= What needs to be done =
Extract precisely the lines of the entries below, from the first line through the line containing "此圖表根據你所有比賽成績計算".

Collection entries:
○ ○ ○

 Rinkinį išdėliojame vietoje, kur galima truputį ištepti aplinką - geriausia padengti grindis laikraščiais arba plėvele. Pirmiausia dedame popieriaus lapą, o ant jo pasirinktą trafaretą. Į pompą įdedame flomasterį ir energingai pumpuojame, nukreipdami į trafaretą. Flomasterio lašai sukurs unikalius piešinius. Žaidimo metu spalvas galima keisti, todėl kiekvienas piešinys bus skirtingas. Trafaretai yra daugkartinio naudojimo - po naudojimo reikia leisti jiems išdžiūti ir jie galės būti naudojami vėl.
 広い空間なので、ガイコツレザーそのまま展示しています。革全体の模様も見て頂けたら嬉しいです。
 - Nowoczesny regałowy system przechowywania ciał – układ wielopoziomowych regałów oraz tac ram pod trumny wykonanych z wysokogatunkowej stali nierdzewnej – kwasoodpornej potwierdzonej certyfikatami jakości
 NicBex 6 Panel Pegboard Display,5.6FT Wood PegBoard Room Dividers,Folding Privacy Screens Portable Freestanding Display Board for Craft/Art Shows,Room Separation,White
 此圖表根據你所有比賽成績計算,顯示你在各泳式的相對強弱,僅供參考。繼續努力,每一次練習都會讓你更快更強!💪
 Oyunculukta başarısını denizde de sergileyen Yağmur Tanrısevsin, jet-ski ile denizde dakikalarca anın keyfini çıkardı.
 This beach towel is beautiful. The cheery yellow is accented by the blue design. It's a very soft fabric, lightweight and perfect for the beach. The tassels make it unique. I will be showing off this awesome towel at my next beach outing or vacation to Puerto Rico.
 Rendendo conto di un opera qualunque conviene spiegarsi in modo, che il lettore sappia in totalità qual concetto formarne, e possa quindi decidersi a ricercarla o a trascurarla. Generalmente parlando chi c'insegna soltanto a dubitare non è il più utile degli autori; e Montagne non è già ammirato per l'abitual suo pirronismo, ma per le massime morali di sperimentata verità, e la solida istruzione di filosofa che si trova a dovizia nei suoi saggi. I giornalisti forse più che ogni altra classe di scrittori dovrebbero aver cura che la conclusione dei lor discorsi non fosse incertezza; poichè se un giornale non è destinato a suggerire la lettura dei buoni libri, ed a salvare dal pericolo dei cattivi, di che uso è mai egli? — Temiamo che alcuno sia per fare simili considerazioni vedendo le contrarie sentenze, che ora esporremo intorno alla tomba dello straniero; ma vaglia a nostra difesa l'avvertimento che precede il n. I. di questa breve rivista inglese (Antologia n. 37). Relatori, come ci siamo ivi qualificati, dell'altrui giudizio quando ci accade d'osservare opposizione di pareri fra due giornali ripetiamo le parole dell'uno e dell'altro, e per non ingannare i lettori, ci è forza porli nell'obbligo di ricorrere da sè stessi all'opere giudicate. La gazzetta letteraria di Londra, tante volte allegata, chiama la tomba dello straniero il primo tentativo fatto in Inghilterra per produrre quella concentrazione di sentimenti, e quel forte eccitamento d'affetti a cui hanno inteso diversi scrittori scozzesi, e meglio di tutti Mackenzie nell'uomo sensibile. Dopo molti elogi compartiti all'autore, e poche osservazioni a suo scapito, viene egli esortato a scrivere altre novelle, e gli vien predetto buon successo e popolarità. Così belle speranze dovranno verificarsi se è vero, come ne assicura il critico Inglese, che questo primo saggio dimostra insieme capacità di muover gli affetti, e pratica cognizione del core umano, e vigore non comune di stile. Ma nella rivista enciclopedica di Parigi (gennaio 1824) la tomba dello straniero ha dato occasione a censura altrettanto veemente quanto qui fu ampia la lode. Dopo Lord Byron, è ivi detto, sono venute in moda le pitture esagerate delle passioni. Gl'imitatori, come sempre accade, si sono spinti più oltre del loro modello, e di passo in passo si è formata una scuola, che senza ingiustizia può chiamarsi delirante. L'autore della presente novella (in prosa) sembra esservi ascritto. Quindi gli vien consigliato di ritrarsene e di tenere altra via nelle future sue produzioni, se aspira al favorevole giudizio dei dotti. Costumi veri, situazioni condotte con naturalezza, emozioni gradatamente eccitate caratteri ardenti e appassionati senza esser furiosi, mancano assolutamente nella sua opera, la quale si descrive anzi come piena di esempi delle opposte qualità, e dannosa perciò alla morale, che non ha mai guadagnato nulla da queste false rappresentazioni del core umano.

○ ○ ○

= Solution for this task =
 Rinkinį išdėliojame vietoje, kur galima truputį ištepti aplinką - geriausia padengti grindis laikraščiais arba plėvele. Pirmiausia dedame popieriaus lapą, o ant jo pasirinktą trafaretą. Į pompą įdedame flomasterį ir energingai pumpuojame, nukreipdami į trafaretą. Flomasterio lašai sukurs unikalius piešinius. Žaidimo metu spalvas galima keisti, todėl kiekvienas piešinys bus skirtingas. Trafaretai yra daugkartinio naudojimo - po naudojimo reikia leisti jiems išdžiūti ir jie galės būti naudojami vėl.
 広い空間なので、ガイコツレザーそのまま展示しています。革全体の模様も見て頂けたら嬉しいです。
 - Nowoczesny regałowy system przechowywania ciał – układ wielopoziomowych regałów oraz tac ram pod trumny wykonanych z wysokogatunkowej stali nierdzewnej – kwasoodpornej potwierdzonej certyfikatami jakości
 NicBex 6 Panel Pegboard Display,5.6FT Wood PegBoard Room Dividers,Folding Privacy Screens Portable Freestanding Display Board for Craft/Art Shows,Room Separation,White
 此圖表根據你所有比賽成績計算,顯示你在各泳式的相對強弱,僅供參考。繼續努力,每一次練習都會讓你更快更強!💪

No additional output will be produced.